I think I like Adobe’s Apollo platform much better at this point. The experience is much slicker, the development story is very clean and the desktop integration is powerful.

Ok, I dug around a bit more and I think I just found the developer site for Silverlight – there was an obscure little link from the main site. What is interesting is that this site renders broken in Firefox – oops!

Open Source : Spotting the fakes

Tuesday, May 1st, 2007

Given all the companies riding the open source bandwagon lately, I’ve developed some criteria for myself to tell apart the true open source projects from the fakes. Thought I’d share my thinking.

Community is pretty much the sole determining factor in how I feel about an open source project.

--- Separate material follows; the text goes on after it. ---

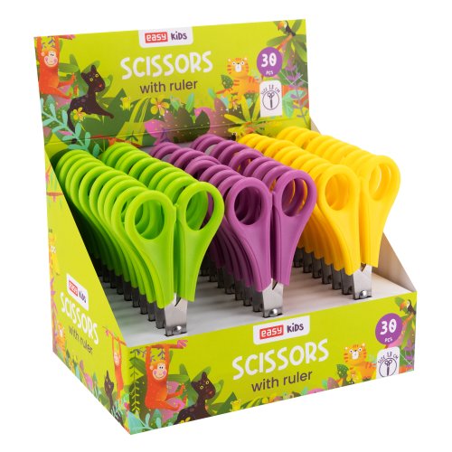 S těmito praktickými a bezpečnými školními nůžkami EASY Kids s měřítkem bude stříhání pro děti hračka!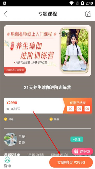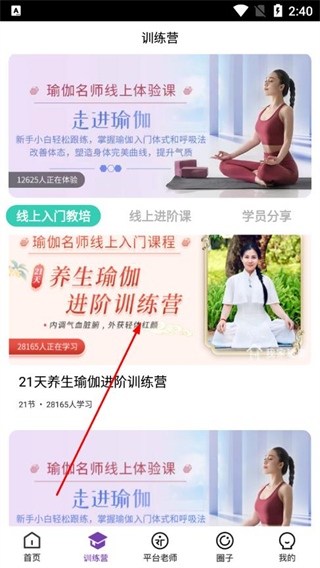 2、在訓(xùn)練營頁面選擇感興趣的訓(xùn)練營,如21天養(yǎng)生瑜伽進階訓(xùn)練營。

True open source projects in my world have a very diverse community of developers involved. I am not bothered if for-profit corporations are involved, as long as there are more than one of them involved and working alongside individual developers. At the end of the day, we all need to make a living …

Fake open source projects in my world have all the developers working for a single corporation. These developers pretty much call the shots – they may take input from outsiders and even release their source code under liberal license, but at the end of the day, one is pretty much at their mercy. Open source is just a honey trap for these companies.

Developing expertise with a complex code base takes a long time and a lot of skills; furthermore, smart developers do not want to waste time learning someone else’s code base, they want to vent their own creativity by building a great code base with others. Companies promoting sham open source projects know this fully well and therefore feel safe knowing there will be no serious challenges to their control – buyer beware!